In the United States overall, expecting parents do have a small preference for boys (because men are slightly more partial to boys than women are to girls), but it’s still not very pronounced. Men tend to prefer boys and women tend to prefer girls.

I know this wasn’t really Feministgal’s point, but I just think her allusion to China was a little misleading in terms of American and European gender preferences . . .

By the way, if you’d like, you can now call me a hypocrite for defending Chris Matthews’ comment about China, Pet. : )

petpluto said...

I think that my reading of Wilson’s article makes of more sense because this is what her play, Motherload, is about – the irrational, embarrassing, and often shameful thoughts and fears that pregnant mothers confront every day.Here's where I think you and I have a bit of a break down.

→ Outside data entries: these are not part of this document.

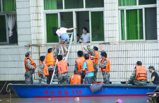 7月2日,民兵应急分队在湖南省新邵县酿溪镇解救被困群众。 连日来,持续性降雨使湖南省邵阳市新邵县遭遇了今年入汛以来的最大洪水,当地已组织各方力量抗洪抢险。 新华社发 吕建设 摄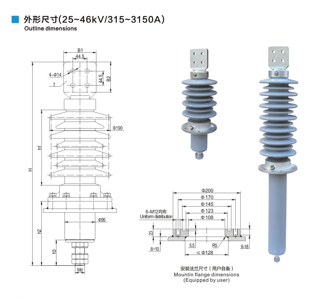 美標(biāo)套管25~46kV/315~3150A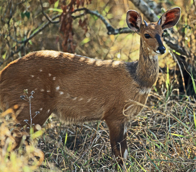 Juvenile male Bushbuck in the woodlands. Note the short horns. [Sabi Sabi Marine Camp, South Africa].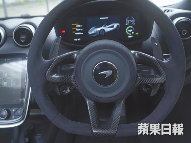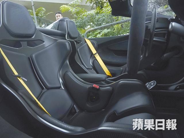 是次測試的示範車,添加了很多額外配備,如前擾流、側裙、後導流器、側鏡等都變為碳纖維,而黑色輪圈、藍色卡鉗和鮮黃色車身亦屬額外選配,車價即由$4,097,100激增至$4,790,500。當中最矚目的,莫過於那張Senna特別版專用桶座,全碳纖製,造型非常震撼,背墊、坐墊逐塊黏上,製作精美,結構也十分輕巧,每張只重8kg,不過價錢亦非同小可,連同黃色安全帶索價13萬(連稅價),乘坐感確實出眾,肩膀、腰肢、下盤包得好緊,有利開快車或落場真正鬥車時穩定身體,不過追求功能便要有所犧牲,首先座椅真的極包身,稍為肥胖一點都未必坐得落,其次是進出難度大大提高,穿短裙女士上落車更尷尬非常,想姿態優雅地坐入駕駛艙,都要有一定身形和身手。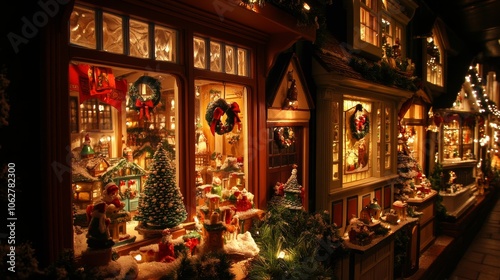 Charming Victorian English Village with Festive Decorated Windows Creating a Cozy Holiday Atmosphere

I'm not judging Wilson's overall thought process. I don't know Wilson's overall thought process. What I'm judging is this particular article, how well it gets across the whole "irrational, embarrassing, and often shameful thoughts and fears pregnant mothers confront". I don't think it does. I think the article is shallow, doesn't articulate the 'shame' part of the process well, and does little to offer a counterpoint why she is ashamed. The whole of the article is just line after line about how much she dislikes girly girls. Maybe the show goes into greater detail and is a more nuanced offering. This article is not. Because it is not, I don't think I've misrepresented her message or tone in it. I don't think she offered "many" caveats or qualifications within the context of the article. And because of that, I have no problem judging Wilson's article, and the message contained therein. That message may be, again, shallow and not on par with her 'regular' message. But that just means that she wrote an insufficient article.

The majority of American and European couples who adopt have a clear preference for girls.Interesting.

Can you point me to studies? Not because I don't believe you, but because every study I've ever seen have said that white baby boys are the highest on the list of preferences (and those are rarely given up for adoption), and then white girls, and then light skinned minority girl babies, and then light skinned minority boys, and then dark skinned minority girls, and lastly dark skinned minority boys.

petpluto said...

By the way, if you’d like, you can now call me a hypocrite for defending Chris Matthews’ comment about China, Pet. : )Oh, I forgot.

HYPOCRITE!

mikhailbakunin said...

No, white baby boys aren't preferred in U.S. adoptions - that's a common misconception.

Here is a good article from Slate. You can find more stats on the Department of Health and Human Services website.

I'll check for more tomorrow, if I get a chance. Now I have to go to bed : )

MediaMaven said...

I finally read the article. It's pretty typical of parenting essays; even all the "embarrassing" stuff is de rigur and not that big of a deal. I was more annoyed with the links CNN incorporated; they were designed to feed into women's insecurities.

I understand Wilson's dislike of the comments she received, and her fears, even why she felt boys were more fun. To characterize girls as easy is silly (my parents can tell you that BOTH my brother and I were a handful) and ignores, as Wilson mentions, the personality they were born with. I was also more offended by the fact that the receptionist gave away the sex of the baby so casually over the phone. Of course Wilson would be upset!